◆ What is expected ◆
Return all the data below as it stands, minus the pictures.

◆ Data ◆

+--

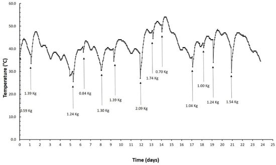 Each time the waste was added, the composting system was homogenized (aerated) completely. Therefore, minimum temperature values were observed whenever food waste was added (see the arrows below Figure 2). Peak temperatures were observed within one day after the addition of new material. As more consecutive days passed and a greater mass of waste was added to the TCB, higher temperatures were reached. This was observed from days 12 to 15 and 17 to 20, which had the highest consecutive amounts of waste. Each time food waste was added, the temperature exceeded 45 °C within a few hours after the addition. This condition favored thermophilic microorganisms and the possible inactivation of some pathogens. However, in agreement with Gajalakshmi and Abbasi [29], all pathogens would be destroyed at approximately 60 to 70 °C. When no waste was added, after a peak in temperature, the temperature gradually dropped off as the degradation rate of organic matter decreased [29]. These authors showed that this phenomenon results in the adequate stabilization of organic matter and drying of the compost, in addition to contributing to the diminishment of the pathogens burden. Unfortunately, in the present study, no pathogens determination was conducted. Therefore, considering that the higher temperature in the TCB was 54 °C and that international regulations [30] establish a compost temperature above 55 to 60 °C to eliminate pathogens, further research on this aspect is recommended.
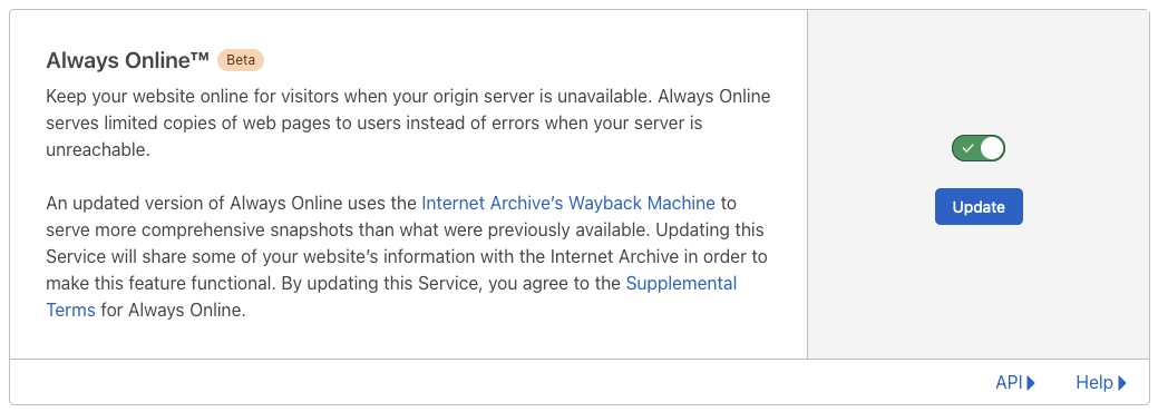 If checked with Github Incident History3 to count at least five incidents related to Github Pages in the last year, while Cloudflare Pages4 had three for the same period. Cloudflare offers at least two options to mitigate the possible availability issue. One of which is Always Online which takes snapshots for Wayback Machine. In case segments of Cloudflare responsible for Pages, experience technical issues, Always Online will save the day.
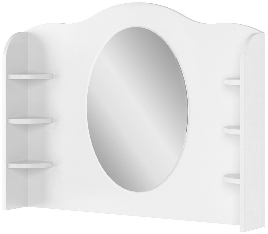 Nádstavec se zrcadlem. Tento elegantní nábytek dodá romantickou atmosféru pokojíčku malé princezny i větší slečny. Nástavec je vyroben z desky LTD v kombinaci s MDF v barvě bílé. Nástavec je možné kombinovat s psacím stolem 03 nebo komodou 05, upevňuje se úchytkami v zadní části stolu (komody). Dodáváme v demontovaném stavu.
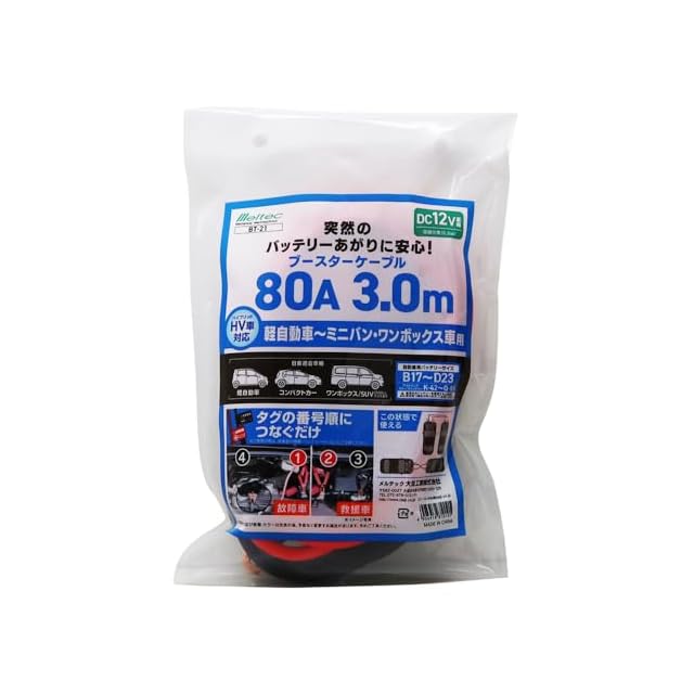 商品名:メルテック(meltec) ブースターケーブル HV車対応~普通自動車用 DC12V・80A 3m BT-21

+--

◆ Reply ◆
 Each time the waste was added, the composting system was homogenized (aerated) completely. Therefore, minimum temperature values were observed whenever food waste was added (see the arrows below Figure 2). Peak temperatures were observed within one day after the addition of new material. As more consecutive days passed and a greater mass of waste was added to the TCB, higher temperatures were reached. This was observed from days 12 to 15 and 17 to 20, which had the highest consecutive amounts of waste. Each time food waste was added, the temperature exceeded 45 °C within a few hours after the addition. This condition favored thermophilic microorganisms and the possible inactivation of some pathogens. However, in agreement with Gajalakshmi and Abbasi [29], all pathogens would be destroyed at approximately 60 to 70 °C. When no waste was added, after a peak in temperature, the temperature gradually dropped off as the degradation rate of organic matter decreased [29]. These authors showed that this phenomenon results in the adequate stabilization of organic matter and drying of the compost, in addition to contributing to the diminishment of the pathogens burden. Unfortunately, in the present study, no pathogens determination was conducted. Therefore, considering that the higher temperature in the TCB was 54 °C and that international regulations [30] establish a compost temperature above 55 to 60 °C to eliminate pathogens, further research on this aspect is recommended.
 If checked with Github Incident History3 to count at least five incidents related to Github Pages in the last year, while Cloudflare Pages4 had three for the same period. Cloudflare offers at least two options to mitigate the possible availability issue. One of which is Always Online which takes snapshots for Wayback Machine. In case segments of Cloudflare responsible for Pages, experience technical issues, Always Online will save the day.
 Nádstavec se zrcadlem. Tento elegantní nábytek dodá romantickou atmosféru pokojíčku malé princezny i větší slečny. Nástavec je vyroben z desky LTD v kombinaci s MDF v barvě bílé. Nástavec je možné kombinovat s psacím stolem 03 nebo komodou 05, upevňuje se úchytkami v zadní části stolu (komody). Dodáváme v demontovaném stavu.
 商品名:メルテック(meltec) ブースターケーブル HV車対応~普通自動車用 DC12V・80A 3m BT-21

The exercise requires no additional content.